As you all know, I love music. I wish I loved visual art or sports more, but I don’t. I love music and with my verkakte ears, its not an easy task. I decided to review the literature and see what the research tells us about music perception in cochlear implants (CI’s).
If you look at some of the earlier research prior to 2000, you barely see much reference to music perception in CI’s. I think the researchers, and engineers were busy working on getting good speech perception. Makes sense. And as the speech perception abilities of CI users began to improve, interest began to shift to other important listening abilities such as musical perception.
One researcher who has done a lot of work in this area is Dr. Kate Gfeller. In a 2000 article (J Am Acad Audiol. 2000 Jul-Aug;11(7):390-406), Gfeller et al found that 83% of adult CI users reported diminished music enjoyment post-implantation. In fact one third of the CI users even avoided music altogether as they found it to be an aversive sound. These are not encouraging results. But do remember that these folks received their implants in the 1990’s. This technology is now 20 years old.
Looi et al, 2007 (Ear & Hearing: April 2007 – Volume 28 – Issue 2 – pp 59S-61S) did a study comparing the music perception of CI users compared to hearing aid (HA) users. Note that the HA users were all potential CI candidates, so they all had significant hearing loss. This study showed that while neither device (HA or CI) provided satisfactory music perception results, the CI users gave slightly better ratings than the HA users. So now we are actually seeing some data showing music perception getting better with a CI, but still not great.
Another study by Looi et al in 2008 (Ear & Hearing: June 2008 – Volume 29 – Issue 3 – pp 421-434) looked again at CI users and HA users who were potential CI candidates. So again these HA users also had significant hearing loss. On a rhythm recognition task, both groups did about the same. On the pitch perception task, the HA users outperformed the CI users (oh oh, not good). In fact many of the CI users needed two pitches to be at more than a quarter of an octave apart before the notes sounded any different. Not good. In western music you need to be able to hear a one semitone difference.
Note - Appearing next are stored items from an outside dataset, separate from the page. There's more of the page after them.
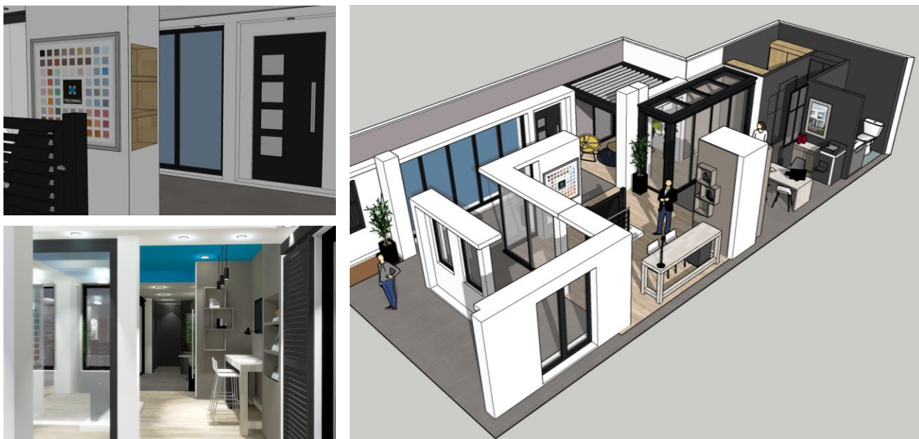
VUES 3D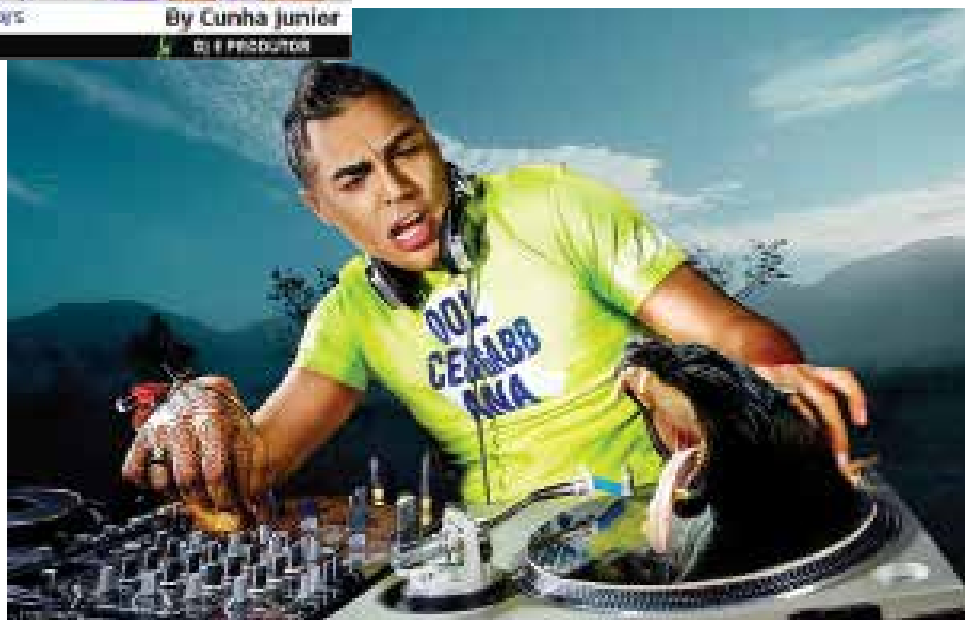
MixDynamix.com / Ban EMC

Isso tudo, não vale, nada se o cara que tocou antes de você deixou a pista naquele clima esquisito, por isso é importante saber como atuar como um DJ de Warm Up. Agora deixo 7 dicas valiosas, para se manter no topo para suas próximas apresentações: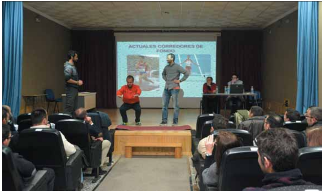
Las ponencias resultaron complementarias y tuvieron una parte práctica e interactiva con el público/FP

entrega se han abordado cuestiones que se influyen entre sí. Miguel Ríos García dejó una frase que resumía la filosofía de estas jornadas: con una preparación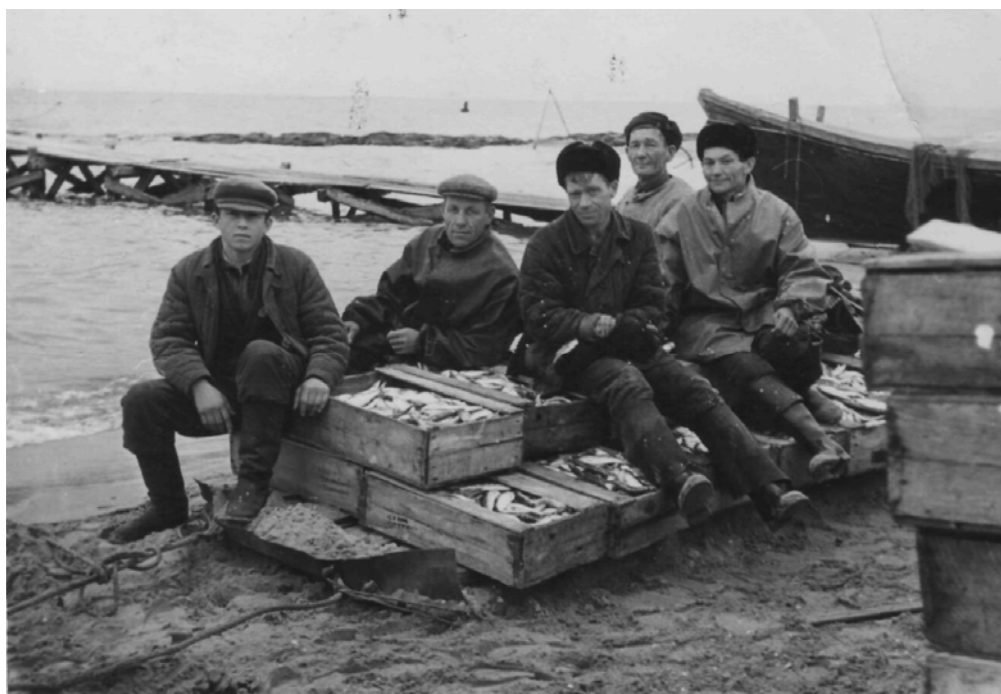
На фото: Рыбаки Каспия с уловом сельди. 1961 г.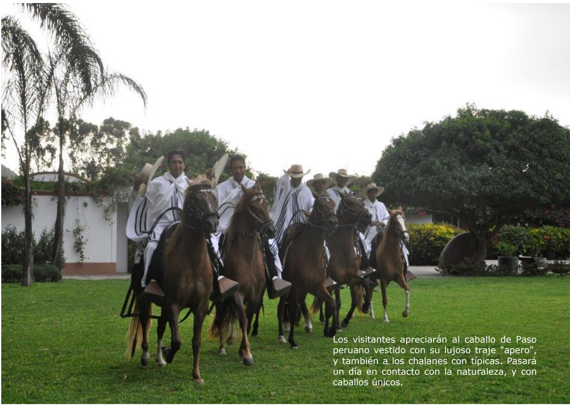
Los visitantes apreciarán al caballo de Paso peruano vestido con su lujoso traje "apero", y también a los chalanos con típicas. Pasará un día en contacto con la naturaleza, y con caballos únicos.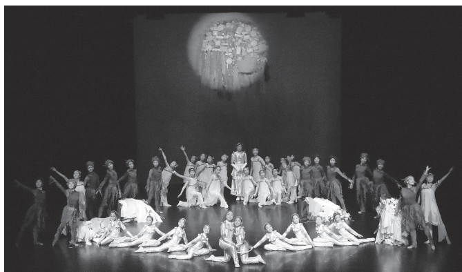
「地球に生まれた子供たち」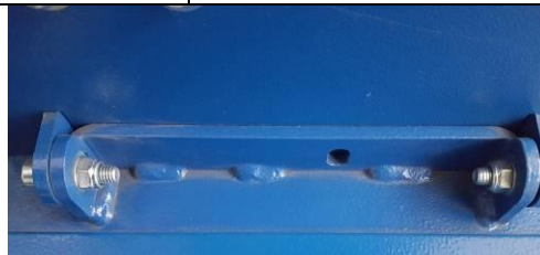
Fig.4 Fix the mast to the base with the 2 screws, 4 washers and 2 nuts provided. Fissare la colonna alla base con le 2 viti, 4 rondelle, e i 2 dadi di dotazione.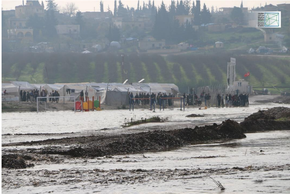
صورة خاصة بسوريون من أجل الحقيقة والعدالة تظهر غرق ملعب الأطفال في مخيم دير بلوط بمنطقة عفرين بعد فيضان النهر يوم 20 كانون الأول/ديسمبر 2018.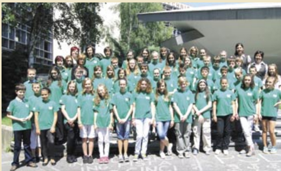
Absolventi prvej Detskej lesníckej univerzity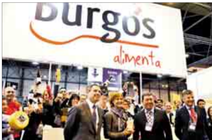
La ministra de Agricultura, Isabel García Tejerina, en el expositor burgalés el día 4.

Durante la jornada inaugural, la ministra de Agricultura, Alimentación y Medio Ambiente en funciones, Isabel García Tejerina, visitó el expositor de Burgos Alimenta, y valoró el "esfuerzo de la Diputación de Burgos a la hora de arropar a los industriales y proporcionarles una plataforma de promoción tan importante" en el Salón. El pre-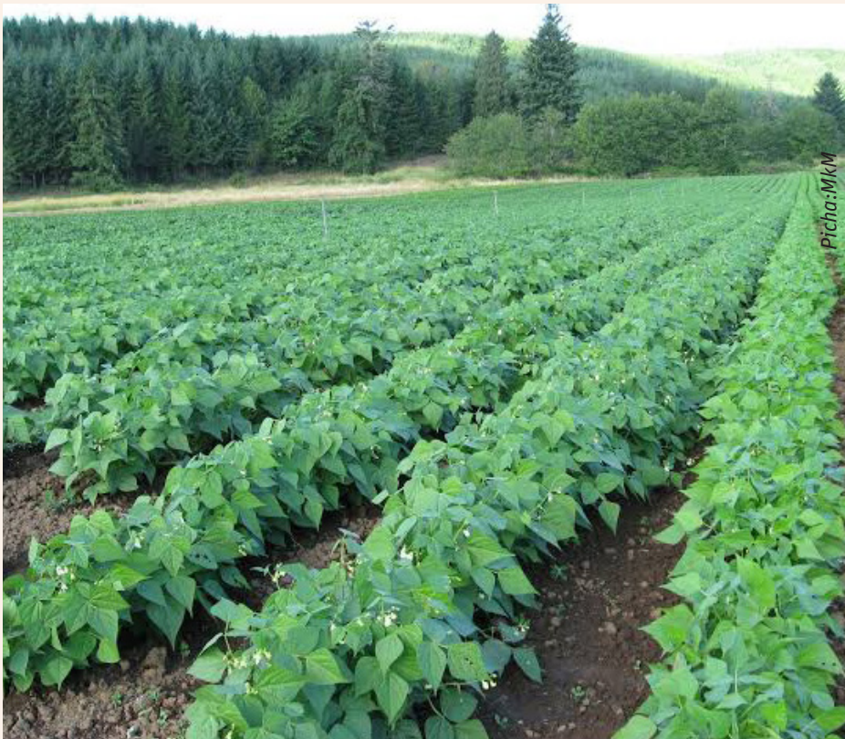
Shamba la zao la maharagwe linatakiwa liwe safi wakati wote ili kuondokana na magugu, magonjwa na wadudu

zao hili ni vyema kufahamu hali ya eneo husika kama;

After reading this article, I checked what my skills were like using a CI only. I had my brother play a bunch of two note pairs on a piano keyboard. My task was to say if the two notes were the same or different and then secondly which note was higher in pitch. For the notes above middle C, I was able to reliably report if the two notes were same or different even if they were only one semi-tone apart. I was about 80-90% accurate at identifying which note was higher or lower. For notes below middle C, I needed notes to be at least one full tone apart to get the same level of accuracy, but performance deteriorated as the pitches got lower.
So here’s the thing now. Looks like I am not getting good low frequency pitch perception with the CI which is so critical for music. Low pitches may not be that important for speech as the consonants are mainly high pitched and consonants give you speech intelligibility.
I therefore personally decided to use a hearing aid in my non-implanted ear. I hear music much better whilst using a combination of a HA and a CI. But is it just me? No. A study be El Fata et al (Audiol Neurootol. 2009;14 Suppl 1:14-21. Epub 2009 Apr 22) looked at 14 adults who continued to use a hearing aid in their non-implanted ear after getting a CI. Subjects were asked to identify excerpts from 15 popular songs, which were familiar to them. The presentations were done bimodally, with the CI alone and then HA alone. Musical excerpts were presented in each condition with and then without lyrics. Those subjects who had more low frequency residual hearing (> 85 dB HL in the lows) did much better on all the tasks with both a CI and an HA than either the CI only condition or HA alone.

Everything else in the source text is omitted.